What the task requires ▸ Every line of the listing belongs in your answer exactly as written; the images do not.

#### Dataset section

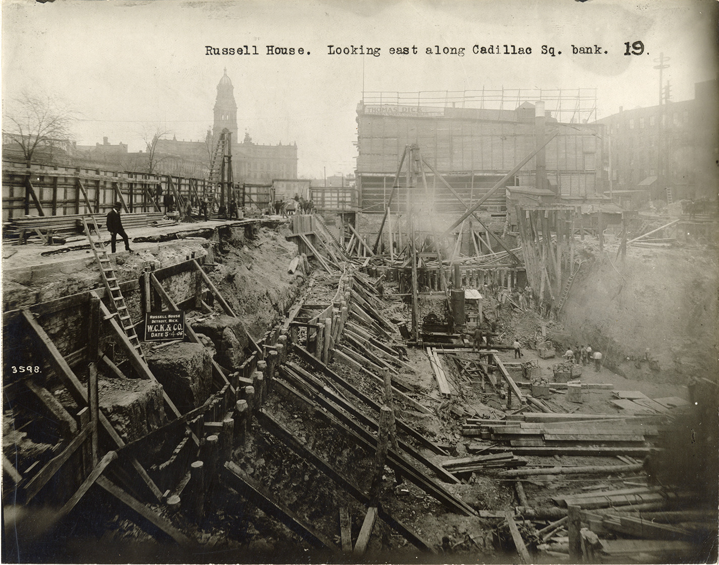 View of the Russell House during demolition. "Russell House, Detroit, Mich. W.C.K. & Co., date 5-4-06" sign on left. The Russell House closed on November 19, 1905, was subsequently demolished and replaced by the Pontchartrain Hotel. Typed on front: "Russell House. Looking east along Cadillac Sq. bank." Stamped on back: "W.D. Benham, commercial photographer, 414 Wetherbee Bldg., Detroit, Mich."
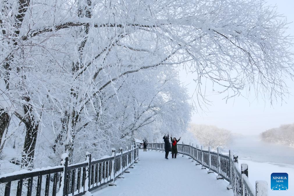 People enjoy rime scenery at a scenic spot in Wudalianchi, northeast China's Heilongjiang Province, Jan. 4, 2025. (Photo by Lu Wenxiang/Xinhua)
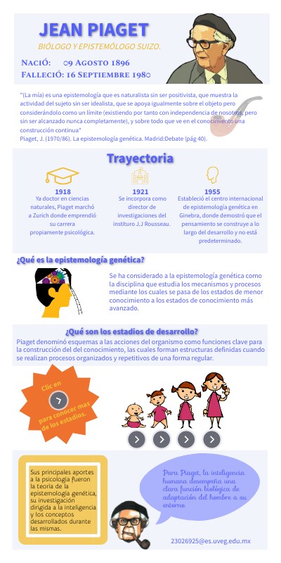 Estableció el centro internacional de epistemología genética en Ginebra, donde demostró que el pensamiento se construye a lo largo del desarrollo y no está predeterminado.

########

Written response ▸
 View of the Russell House during demolition. "Russell House, Detroit, Mich. W.C.K. & Co., date 5-4-06" sign on left. The Russell House closed on November 19, 1905, was subsequently demolished and replaced by the Pontchartrain Hotel. Typed on front: "Russell House. Looking east along Cadillac Sq. bank." Stamped on back: "W.D. Benham, commercial photographer, 414 Wetherbee Bldg., Detroit, Mich."
 People enjoy rime scenery at a scenic spot in Wudalianchi, northeast China's Heilongjiang Province, Jan. 4, 2025. (Photo by Lu Wenxiang/Xinhua)
 Estableció el centro internacional de epistemología genética en Ginebra, donde demostró que el pensamiento se construye a lo largo del desarrollo y no está predeterminado.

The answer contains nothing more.